The idea struck me that perhaps he would paint Amy, but I didn’t want to bother him with yet another project. I didn’t have to bother him at all. He came up after the show-n-tell very enthused with the piece. I told him I would give him the piece if he would paint it and provide a brief write-up. He was more than glad to do so. Even his wife, Cathy, was enthused about the prospect.

To remind those of you who are not familiar with the piece, here is a pic of “Amy” unpainted:

Amy-Mould-Casting 002

Amy-Mould-Casting-003

Below is the first pic Randy sent me as a Work-in-Progress:

AmyJohnson

And here is a pic of “Amy” completed:

Amy Johnson

Here is Randy Myers’ write up:

“When Steve Lloyd Offered to give me his copy of Rich Odell’s Amy Johnson bas–relief , I was flabbergasted …and intimidated. I had never painted a bas-relief OR lady before, but it was such a beautiful sculpt I had to give it a try.

“Painting a bas-relief is a not quite like painting a flat in that there is some shape and depth for light to play off of, so all the painter needs to do is help the illusion of roundness along a bit, without relying on paint alone to do the job. Photos and artwork are a useful guide for color placement.

“I began by undercoating with Humbrol enamels. The flat enamel paint helps to absorb some of the oil from the artists paint so the finish has a realistic sheen without glossiness. I used Humbrol Flesh, Natural Wood, Wine Red, and Untanned Leather to undercoat the skin with a general pinkish hue. The leather coat and helmet were painted Untanned Leather, and the fur collar Natural Wood.

“My artist’s oil skin mixture includes Jaunne Brillant, Flesh Tint, Titanium White, and Mars Brown. I blocked in the shadow and highlight areas then used a clean dry brush to remove as much of the paint as I could. The areas between the shadows and highlights is painted straight Flesh Tint, which is also removed, then the transitions between carefully blended with a clean, dry shader or filbert brush. I kept the shadows very subtle, with small variations of color to keep the face smooth and feminine. Only the deepest shadow under the eyebrow and folds around the eye and under the nose get pure Mars brown. A light blush on the cheek can be achieved by adding tiny dots of Cadmium Red, and stippling with a brush until the color is nearly gone.

“I chose to paint the eyes using enamels to better control the paint. The whites are Flat White with a little Natural Wood. The iris is first painted Oxford Blue, then a smaller circle of Winsor Blue Oil paint mixed with Flat white enamel inside. The pupil is Flat Black with a pure Flat White catch-light. Eyebrows were added with Mars Brown and Burnt Umber, while Burnt Umber alone created eyelashes. Finally, the lips are Cadmium Red, Titanium White, and Alizarin Crimson.

“The leather clothing was covered with Ivory black oil paint, which I brushed entirely off, creating a dark brown color.

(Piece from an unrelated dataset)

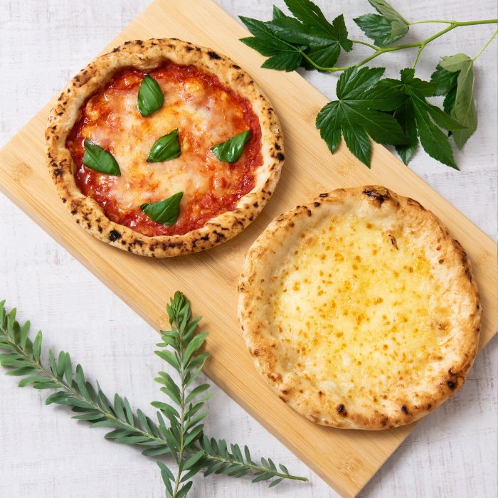 【選べる!5枚セット】 12種の中からお好きなピザが5枚選べるセットです♪ 定番のマルゲリータから変わりダネまで、12種類の中から自由にチョイス! ご自宅で、友人と、家族と、楽しみ方いろいろ♪ みんなでシェアやお家ご飯のストックにも。 5枚を冷凍状態でお届けします☆ 焼くだけの簡単調理!直径18cmで冷凍庫にもストックしやすく、ご家庭のトースターで焼きやすいサイズです! 厚さ1m mの薄いローマ風のクリスピーピザは、サクッパリッの軽い食感! この食感を出すために、国産の小麦にこだわり数種類をオリジナルブレンド。 時間をかけてじっくりこねた生地は、焼きムラのないよう1枚1枚丁寧に手で伸ばしています。 ご家庭の冷凍庫にもストックしやすく、お腹が空いた時にもサクッと食べられるサイズです。 オーブンやトースターで焼くだけの簡単調理で、お家でもお店の味が楽しめます♪ お祝いや、お家時間にも♪ お酒に合うのでおつまみにもどうぞ☆ 冷凍した状態でお届けします。 加熱してお召し上がりください。 ご自宅でいつでも好きな時にパリパリ、サクサクのピザをどうぞ♪ ※1つ1つ手作りしているため、写真とは異なる場合がございます。 商品説明 名称 冷凍ピザ 原材料名 【マルゲリータ】 約120g 小麦粉(国産)、モッツァレラチーズ、トマトソース(トマト、玉ねぎ、米麹、にんにく、塩、オリーブオイル)、バジルソース、塩、オリーブオイル、ドライイースト、(一部に小麦、乳成分を含む) 【ツナコーンマヨ】 約170g 小麦粉(国産)、モッツァレラチーズ、ゴーダチーズ、ツナ、コーン、枝豆、トマトソース(トマト、玉ねぎ、米麹、にんにく、塩、オリーブオイル)、発酵マヨネーズ(豆乳、米麹、酢、塩、オリーブオイル)、パルミジャーノレッジャーノ、塩、オリーブオイル、ドライイースト、/調味料(アミノ酸等)、(一部に小麦・乳成分を含む) 【広島レモンとバジルチキン】 約180g 小麦粉(国産)、モッツァレラチーズ、ゴーダチーズ、鶏肉(広島産)、発酵マヨネーズ(豆乳、米麹、酢、塩、オリーブオイル)、トマト、レモン(広島産)、きゅうり、パルミジャーノレッジャーノ、バジルソース、豆乳、米麹、オリーブオイル、塩、砂糖、胡椒、ドライイースト、(一部に小麦・乳成分を含む) 【てりマヨチキン】 小麦粉(国産)、モッツァレラチーズ、ゴーダチーズ、鶏肉(広島産)、トマトソース(トマト、玉ねぎ、米麹、にんにく、塩、オリーブオイル)、発酵マヨネーズ(豆乳、米麹、酢、塩、オリーブオイル)、てりやきソース(醤油、日本酒、みりん、砂糖、鰹節)パルミジャーノレッジャーノ、オリーブオイル、塩、ドライイースト、(一部に小麦・乳成分を含む) 【5種のチーズピザ】 約150g 小麦粉(国産)、モッツァレラチーズ、ゴーダチーズ、カマンベールチーズ、トマトソース(トマト、玉ねぎ、米麹、にんにく、塩、オリーブオイル)、ゴルゴンゾーラチーズ、パルミジャーノレッジャーノ、 塩、オリーブオイル、ドライイースト、(一部に小麦・乳成分を含む) 【ベーコンアスパラ】 約150g 小麦粉(国産)、モッツァレラチーズ、ゴーダチーズ、ベーコン(豚肉、玉ねぎ、米麹、塩、紅茶)、アスパラガス、ホワイトソース(牛乳、バター、小麦粉、チーズ、チキンエキス、ホワイトペッパー、ナツメグ)、パルミジャーノレッジャーノ、オリーブオイル、塩、ドライイースト、(一部に小麦・乳成分を含む) 【じゃがマヨコーン】 小麦粉(国産)、モッツァレラチーズ、ゴーダチーズ、じゃがいも、コーン、ブロッコリー、トマトソース(トマト、玉ねぎ、米麹、にんにく、塩、オリーブオイル)、発酵マヨネーズ(豆乳、米麹、酢、塩、オリーブオイル)、パルミジャーノレッジャーノ、オリーブオイル、塩、ドライイースト、(一部に小麦・乳成分を含む) 【キーマカレー】 小麦粉(国産)、モッツァレラチーズ、ゴーダチーズ、豚肉、玉ねぎ、パルミジャーノレッジャーノ、米麹、にんにく、カレーパウダー、オリーブオイル、胡椒、塩、ドライイースト、その他香辛料、(一部に小麦・乳成分を含む) 【えびマヨ】 約150g 小麦粉(国産)、モッツァレラチーズ、ゴーダチーズ、えび、ブロッコリー、トマトソース(トマト、玉ねぎ、米麹、にんにく、塩、オリーブオイル)、発酵マヨネーズ(豆乳、米麹、酢、塩、オリーブオイル)、パルミジャーノレッジャーノ、オリーブオイル、塩、ガーリックパウダー、ドライイースト、(一部に小麦・えび・乳成分を含む) 【シーフード】 約160g 小麦粉(国産)、モッツァレラチーズ、ゴーダチーズ、えび、ほたて、いか、ムール貝、アスパラガス、トマトソース(トマト、玉ねぎ、米麹、にんにく、塩、オリーブオイル)、パルミジャーノレッジャーノ、オリーブオイル、塩、ドライイースト、ブラックペッパー、(一部に小麦・えび・乳成分を含む) 【チョリソー&ハラペーニョ】 約150g 小麦粉(国産)、モッツァレラチーズ、ゴーダチーズ、チョリソー、ハラペーニョ、トマトソース(トマト、玉ねぎ、米麹、

Mars brown and Mars black accentuated the folds and seams, which I blended until only a little color remained. I used Burnt Umber, Ivory Black, and a little Naples yellow to highlight on the top of the helmet. The fur collar got many washes of Ivory Black, Burnt Umber, and Mars Black before I picked out some of the raised texture with Humbrol Matt Chocolate , then another wash of Burnt Umber tied it all together.

“The fur collar seemed very drab after all that, so I gave it a coat of Humbrol Satin Finish mixed with Testors Dullcoat, while the goggle lenses were over-coated with Future Floor Polish.

“I painted all the metal parts with Humbrol Oxford Blue and Flat white.

“This was a very satisfying project. The delicacy of the sculpting needs only basic painting to produce a very fine result. I look forward to more miniatures from the talented hands of Rich Odell.”

Thank you, Randy and Rich.

If you would like to purchase one of Rich’s unpainted “Amy Johnson” head over to his website. While you are there check out the other pieces he’s sculpted and check back for upcoming offerings. Rich’s beautiful website is: http://www.richardodell.com.

One thought on “Randy Myers Paints “Amy Johnson”

  1. As ever humbled by the reception this sculpt has received and very grateful for all the support that Steve has given me from my very first project.

    Randy has worked wonders with this casting and in the process inspired me to keep pushing the boundaries of my own work. Amazing artwork Randy!